Of course, it takes a skilled and confident facilitator to do something like that, and many of the recent COP presidents have not demonstrated this leadership ability. Plus, the tactic is less likely to work if there’s a larger group of countries blocking consensus.
One risk of moving away from the consensus decision-making model is that countries may feel alienated from the UNFCCC or Paris Agreement. If they’re overruled in an important decision, they may choose to simply opt out and walk away. This would obviously affect the treaty’s efficacy, since those countries most likely to leave are those with the deepest commitment to continuing to use oil, gas, and coal.
But to Erika Lennon, a senior attorney with the Center for International Environmental Law, the risks could be worth it.
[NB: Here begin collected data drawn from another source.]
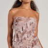 Make a stunning impression in this strapless floral midi dress designed with ruffled accents and a high side slit perfect for pairing with heels.
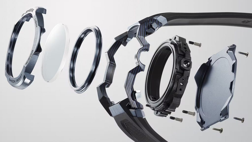 Um detalhe que marca esta geração é o uso de Inteligência Artificial no processo de desenvolvimento estrutural. A Casio utilizou IA para simular, testar e otimizar a distribuição de forças na estrutura híbrida.
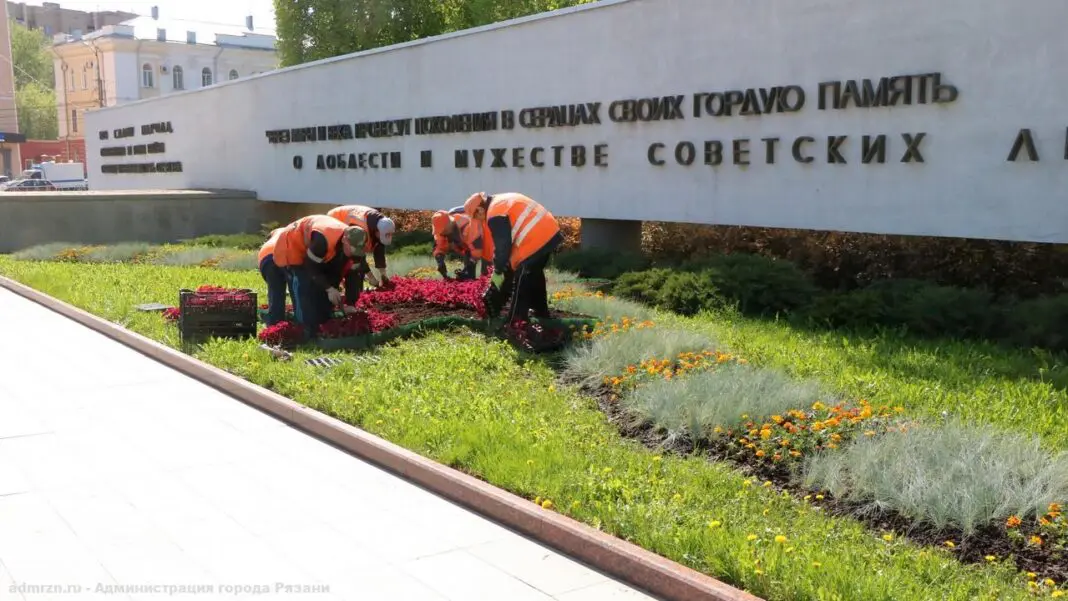 Рязань продолжает подготовку ко Дню Победы. На клумбы возле памятников начали высаживать цветы.
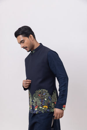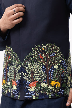 This navy Nehru jacket features detailed forest embroidery at the hem, lush trees, vibrant animals, and pops of color bringing mythic charm and bold elegance to festive wear.
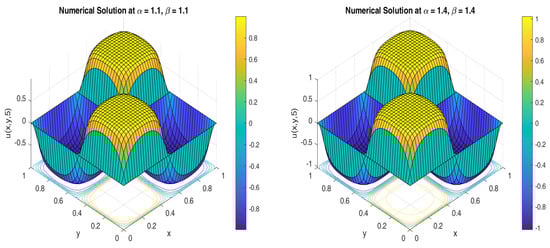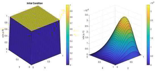 where is the error between consecutive solutions corresponding to time steps and k. This approach is used to compute the order of convergence when analytical solutions are not available; see, for example, [,]. Convergence errors are computed using the norm and norm. The computational efficiency of the new method is shown by recording the CPU time for each iteration and is given in the convergence tables. It can be seen that the CPU time is very small even with a large number of time steps. All the calculations are performed using Matlab version R2020b on an Intel Core i7 CPU with 4.0 GHz of speed and 32 GB RAM.
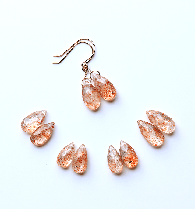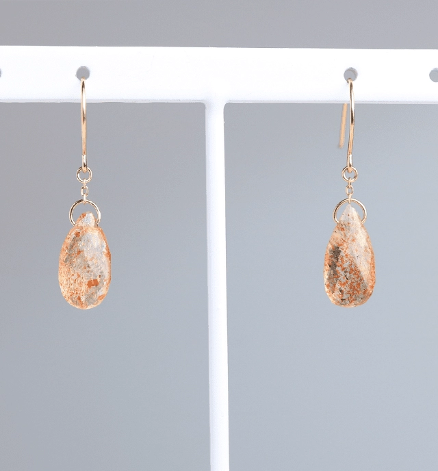| サイズ | 【ピアス】サイズ:縦 約14mm×横 約10mm フックの太さ 0.5mm【石】サンストーン:約5〜6mm×10〜12mm | ||
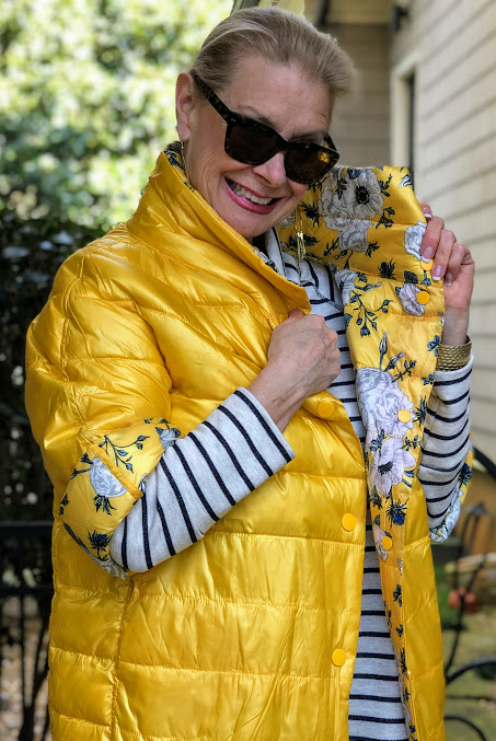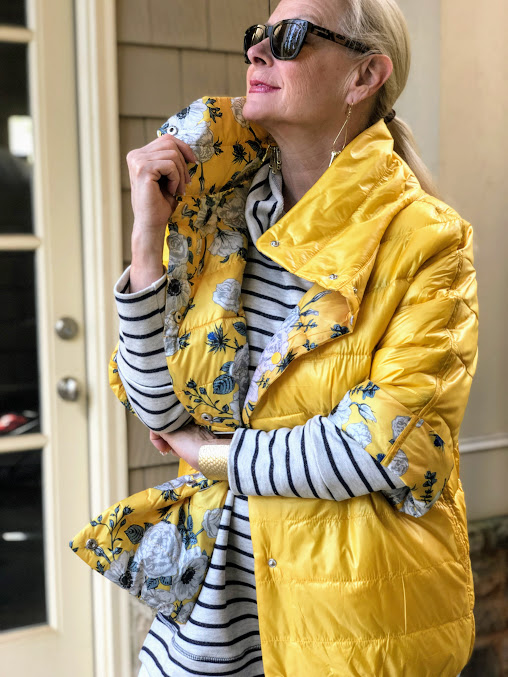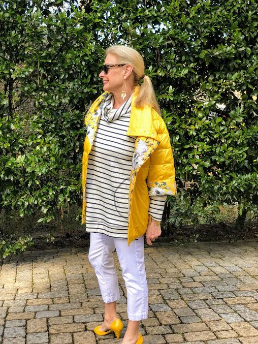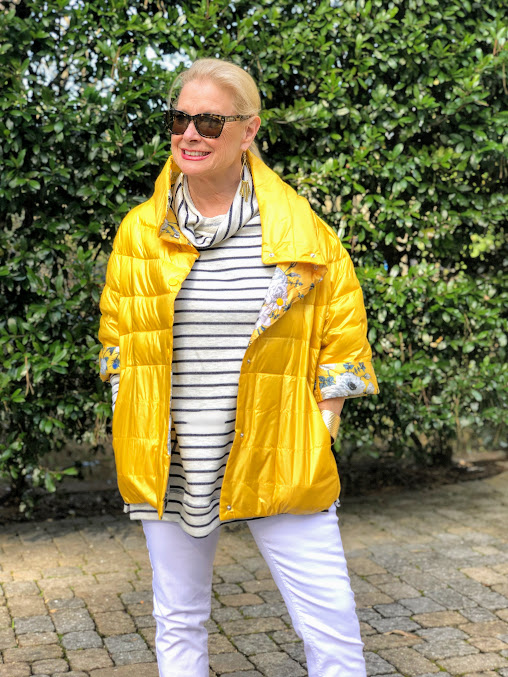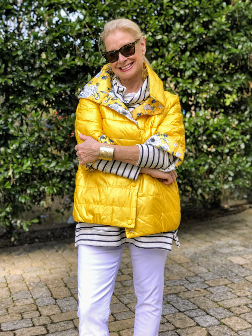 I love bright colors and fell in the with this yellow reversible puffer jacket. Perfect for winter while looking ahead to spring. The stripes in the tunic work very well with the floral print. I am wearing white pants but this would also look good with jeans for a super casual style.

Oil-producing countries are already not participating in good faith, she said, and other nations are watering down their own ambitions to accommodate their delaying tactics. She and Blue Sky said they’re open to smaller coalitions of countries working at a much more ambitious level to phase out fossil fuel products, and using trade policy to influence other nations that refuse to get on board. This is an approach that has increasingly been floated in the context of the U.N. plastics treaty, which also lacks a voting mechanism and has similarly been plagued by delay tactics from petrostates.
At least one other international treaty, the Ottawa Treaty, followed this trajectory. After failed attempts by the U.N. to negotiate a ban on land mines, Canada launched its own process to hammer out an agreement in the late ’90s. The Ottawa Treaty now has more than 160 signatories, though several have recently withdrawn in light of Russia’s war in Ukraine.
“There is something to be said for saying, ‘We want everyone on board,’” Lennon said, referring to global climate negotiations. “But what we see is really just a stalling of progress … and the consequences of it are measured in people’s lives or livelihoods and in the destruction of potentially whole countries.”